Concerts

Dix ans après, La Réunion retrouve Salif Keïta

À l’invitation du Séchoir et de la Ville de Saint-Denis

3 octobre 2003

Le Séchoir et la Ville de Saint-Denis présentent Salif Keïta en concert ce soir à 20 heures 30 au Petit Stade de l’Est et demain à La Ravine Saint-Leu.
Voilà une dizaine d’année que Salif Keïta n’était pas revenu jouer à La Réunion. « Venir à La Réunion sans rencontrer Danyèl Waro » est inconcevable pour l’artiste qui apprécie notre maloya. « C’est une musique qui a beaucoup d’âme, qui est pleine de spontanéité, ce n’est pas le même rythme qu’en Afrique, mais c’est la même démarche. Je ne suis pas dépaysé ». Salif Keïta présentera sur scène, avec plus d’une dizaine de musiciens, les nouvelles chansons de son album "Moffou" (voir encadré), et jouera aussi les morceaux préférés de son public. Cette tournée de promotion prendra fin à la mi-janvier. Une version remixée de l’album est en préparation. Salif Keïta chante déjà dans sa tête et dans son cœur les prochaines créations : « Je rassemble mes idées pour le prochain, quand un est fini, il faut penser à l’autre ». Un prochain qu’il pense dans la diversité, toujours à la recherche du nouveau, à la poursuite de la différence.
Depuis que la musique africaine a émergée en Europe, en 1984, il n’a jamais cessé d’enchaîner albums et tournée. « Un artiste crée tout le temps, partout » confiait-il hier à la presse réunionnaise. Jamais de vacances, son travail reste un plaisir sans cesse renouveler. Sur ce dernier album, il revient à l’acoustique, se tourne aussi vers des thèmes plus légers, amoureux : « Il y a trop de problème dans la vie, trop de revendications sociales, parfois on a envie de se retrouver dans une musique plus optimiste. La solution est dans l’amour. Le monde doit vivre dans l’harmonie ».
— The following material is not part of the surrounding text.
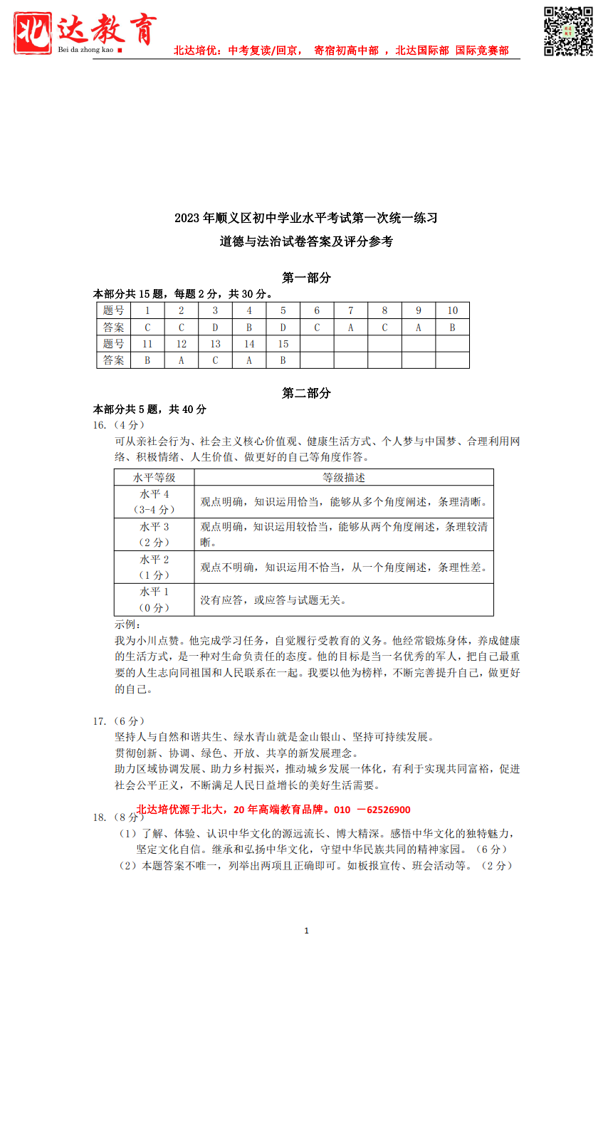 admw360中考网第一时间为大家整理了2023北京顺义区初三一模道法试题及答案,分享给大家。
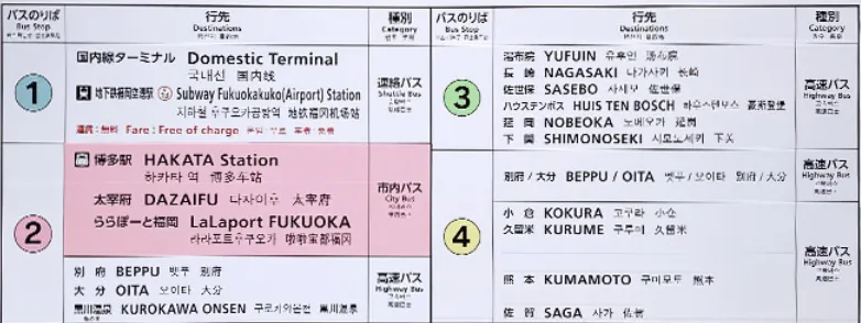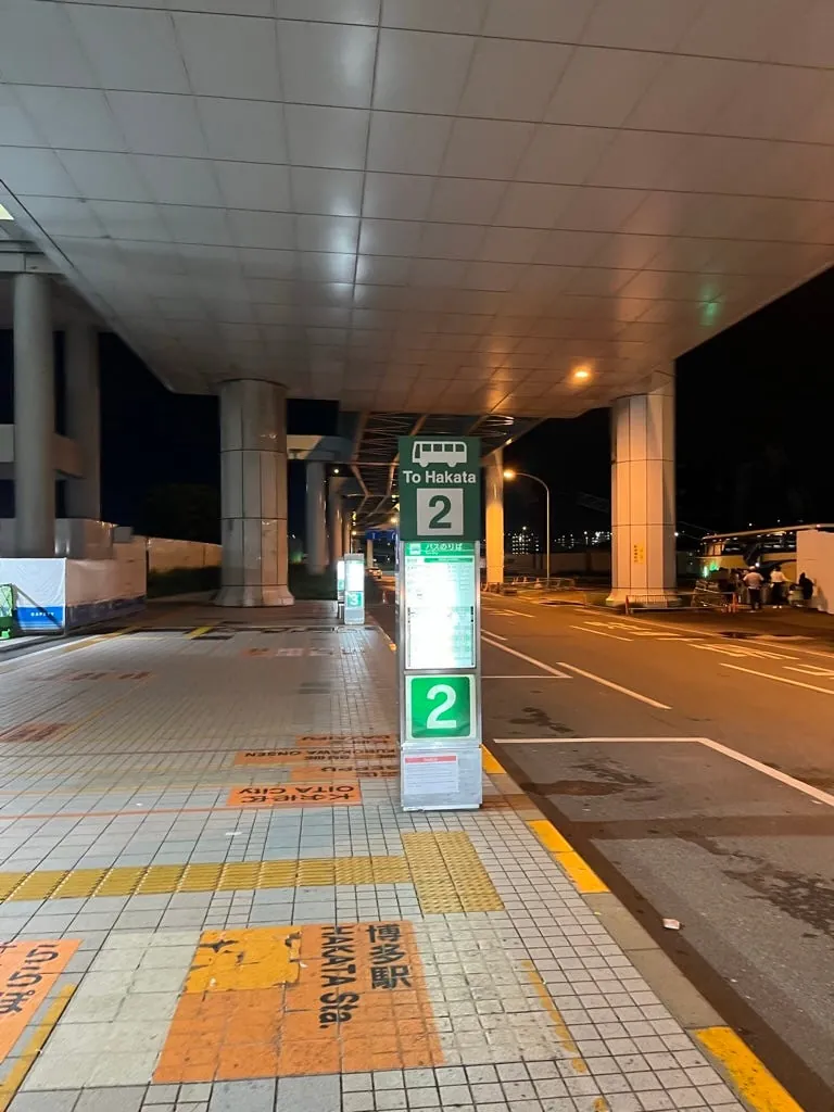 空港を出ると、行き先の方向とどのバス停で乗るかを示す案内板があります。博多だけでなく他の場所へも行けますので、こちらの記事 や 公式サイト を参考にしてください。遠くへ行く場合は、事前に時刻表を確認しましょう。

"Moffou" : une œuvre d’inspiration 100% africaine.
"Moffou", c’est à la fois le titre du dernier album de Salif Keïta et le nom du club que le chanteur vient d’ouvrir à Bamako pour y promouvoir la scène musicale ouest-africaine. Dans l’un comme dans l’autre, le choix de ce patronyme n’est pas gratuit, il exprime un réel désir de retour aux racines, au "continent noir", au Mali, au pays des Bambara, Malinké et Soninké, à ses cultures, modes de vie, rites et traditions.
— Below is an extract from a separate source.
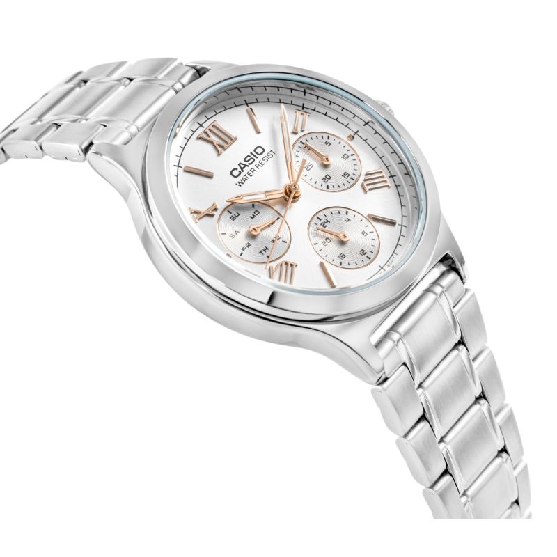 Zegarek CASIO to połączenie luksusowego wyglądu i codziennej funkcjonalności. Jego elegancka bransoleta i dopracowana tarcza z delikatnym połyskiem sprawiają, że przyciąga wzrok i doskonale komponuje się z kobiecymi stylizacjami. Trzy dodatkowe subtarcze wskazują dzień tygodnia, datę i czas 24-godzinny, dzięki czemu zawsze masz wszystko pod kontrolą. To zegarek, który nie tylko zdobi nadgarstek, ale też ułatwia organizację dnia. Idealny dla kobiet, które lubią styl i wygodę w jednym.

De quoi contrarier les détracteurs de celui que l’on a surnommé le "Caruso africain", qui l’accusent de s’être beaucoup trop éloigné de ses origines. Certes, "Sosie", paru en 1997, était entièrement consacré à la chanson française, et "Papa", cru 1999 enregistré pour partie à New York, produit par le guitariste funk-rock Vernon Reid, ne lésinait pas sur l’électronique et les rythmes urbains. Mais à l’instar de "Folon" (1995), pétri de tradition mandingue, "Moffou", disque entièrement acoustique est une œuvre d’inspiration 100% africaine. Influences soul et pop mises en berne, Salif Keïta, voix céleste d’une clarté et d’une vigueur exceptionnelles, livre là l’un de ses enregistrements les plus frais, enivrants et authentiques.